May 9: Former Whigs from the border states form the Constitutional Union Party and nominate former U.S. Senator John C. Bell of Tennessee for President and Edward Everett of Massachusetts for Vice President on a one-issue platform of national unity.[189][225]

William H. Seward of New York, Salmon P. Chase of Ohio, and Simon Cameron of Pennsylvania are leading contenders for the Republican presidential nomination, along with more moderate Abraham Lincoln of Illinois, when the Republican convention convenes in Chicago on May 16. Lincoln supporters from Illinois skillfully gain commitments for Lincoln. On May 18, Lincoln wins the Republican Party nomination for President.[223] The Republicans adopt a concrete, precise, and moderately worded platform which includes the exclusion of slavery from the territories but the affirmation of the right of states to order and control their own "domestic institutions".[189][223][226]

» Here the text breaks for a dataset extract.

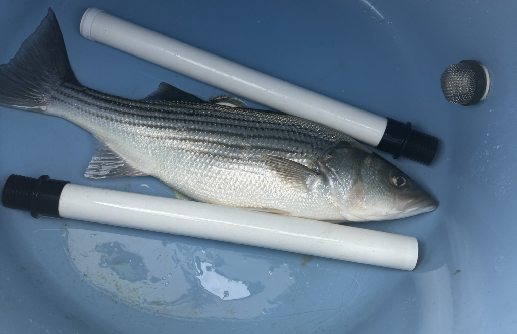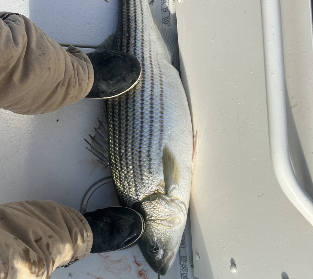 I started in shallow water just south of the Smith Point Lighthouse, around 30 feet deep. That was a complete bust. If there were any fish there, they were hiding well. Still south of the lighthouse, near the channel in about 50 feet of water, I finally found what I was looking for: a bunch of marks on the bottom. Judging by the size of the marks, these were big fish. I circled back and hooked a beautiful 39-inch striper on my trusty chartreuse rig. After that, I picked up a few more in the 22- to 23-inch range, but I still wanted another solid spot.

June 18: The main group of Democrats meeting in Baltimore, bolstered by some new Douglas Democrat delegates from Southern states who were seated to the exclusion of the Southern delegates from the previous session of the convention, nominate Douglas for President.[222][223]

June 28: Southern Democrats nominate Vice President John C. Breckinridge of Kentucky for President. Their platform endorses a national slave code.[222][227]

Honduran militia stop another filibuster effort by William Walker. They capture and execute him before a firing squad on September 12, 1860.[228]